Any attempt to try and resolve this discrepancy by suggesting that Paul may simply have omitted mentioning the other trips does not hold water. Let us examine this a little more closely. According to Acts Paul had already been to Jerusalem twice (Acts 9, 11) before the Jerusalem council (Acts 15). According to his letter to the Galatians, Paul had only been to Jerusalem once (Galatians 1:18) before the council (Galatians 2:1). The question is, could Paul have simply ignored mentioning another trip because it was unimportant to him? Hardly. Paul’s whole aim in Galatians was to show his independence of the apostles in Jerusalem. (He noted that the leaders there “makes no difference” to him-Galatians 2:6) Thus the amount of times he had visited Jerusalem was very important to his argument. Going to Jerusalem too many times would have indicated his dependence on the apostles and subordinate status towards them. Furthermore he mentioned that he is not lying (Galatians 1:20) while recalling these very events. It is unlikely that Paul would have allowed himself to be caught in a bald-face lie if it was actually the case that he was in Jerusalem another time after the first visit and before the council. Acts had Paul travelling to Jerusalem another two times after the council (Acts 18:22, 21). In Galatians 2:10 it was mentioned that Paul agreed to the apostles’ request to make a collection for Jerusalem.
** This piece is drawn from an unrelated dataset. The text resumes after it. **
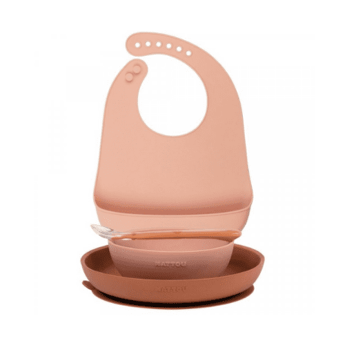 Štvordielny jedálenský set od Nattou z mäkkého silikónu je veľmi praktický, ľahko uchopiteľný a protišmykový. Set obsahuje tanierik a misku s prísavkou, lyžičku s mäkkým koncom a podbradník v krásnych moderných farbách. Zaoblené vnútorné hrany misky a tanierika uľahčujú naberanie potravín detičkám aj ich rodičom. Lyžička je perfektne prispôsobená malým ručičkám a ústam bábätiek a malých detí, vďaka čomu je ideálnym spoločníkom na kŕmenie a učenie sa samostatnosti. Spolu so silikónovým podbradníkom môžu rodičia a deti bez obáv jesť a užívať si vzájomnú spoločnosť. Podbradník sa ľahko nasadzuje a je nastaviteľný v 6 rôznych veľkostiach. Dokonale sedí a vďaka mäkkému materiálu je pohodlný a ponúka dostatok miesta okolo krku. Integrovaná zberná miska zachytí akékoľvek jedlo, ktoré vypadne pri jedení, čím sa zabráni vzniku škvŕn na oblečení.

We know from Romans 15:25-28 that Paul’s purpose in going to Jerusalem was to deliver this collection. This collection is also alluded to in Acts 24:17 where Luke had Paul say “Now after some years I came to bring alms to my nation and to offer sacrifices.” Thus Paul’s last trip in Acts 21 is the same anticipated trip planned in Romans 15. Could Paul have made another trip before this, the one mentioned in Acts 18:22? Now Paul made a direct agreement to bring the collection to Jerusalem, and we know from his epistles that he took the task very seriously [Galatians 2:10, I Corinthians 16:1, II Corinthians 8:1-9:14, Romans 15:26]. Given the importance he attached to this, it would be unlikely in the extreme that Paul would appear in Jerusalem in the interim before the collection was completed; showing up “empty handed” as it were. [3] These considerations have led Gerd Ludemann, Professor of New Testament at the University of Gottingen to conclude that:

“[I]n Paul’s Christian period there is a probability bordering on certainty that Paul went to Jerusalem only three times. [4]
 

Timing of Paul’s First Visit to Jerusalem as a Christian

 There is also a discrepancy in the actual timing of Paul’s first visit to Jerusalem. In describing the events immediately after his conversion this is what Paul wrote:

Galatians 1:16-19

 I did not stop to discuss this with any human being, nor did I go up to Jerusalem to see those who were already apostles before me, but I went off to Arabia at once, and later went straight back to Damascus. Even when after three years I went to Jerusalem to visit Cephas [Peter] and I stayed with him for fifteen days, I did not see any of the other apostles, except James, the Lord’s brother.
 

Thus in Paul’s own words, he did not go to Jerusalem until three years after his conversion. Paul’s itinerary here is Damascus-Arabia-Damascus-Jerusalem. The first Damascus is implied since Paul said he went back there. The picture painted by Acts is very different. Acts chapter 9 narrated Paul’s conversion on the way to Damascus (9:1-10). He was miraculously healed a Christian in Damascus called Ananias (9:10-19) and “for several days” (9:19) preached in Damascus. Then “after some time” the Jews plotted to kill him and Paul had to escape in a basket lowered from the city wall. (9:23-25). Then Paul’s trip to Jerusalem followed in Acts 9:26. Thus there is no mention of a trip to Arabia and certainly no indication that three years had passed. [5] Paul’s Presence In Jerusalem during the Trial of Stephen

 There is another problem with Luke’s placement of Paul in Jerusalem. In Acts 7:58, 8:3, the yet to be converted Saul was said to be in Jerusalem and took an active part in the murder (or execution-depending on how you view it) of Stephen. Yet Paul in Galatians 1:22 said that when he visited Jerusalem for the first time three years after his conversion, he was “still unknown by sight to the Churches of Judea”. If Paul did take part in Stephen’s murder/execution, than at least some of the early Christians would have already seen Paul in Jerusalem before his conversion. Thus the presence of Paul in Jerusalem at that time is definitely unhistorical . [6]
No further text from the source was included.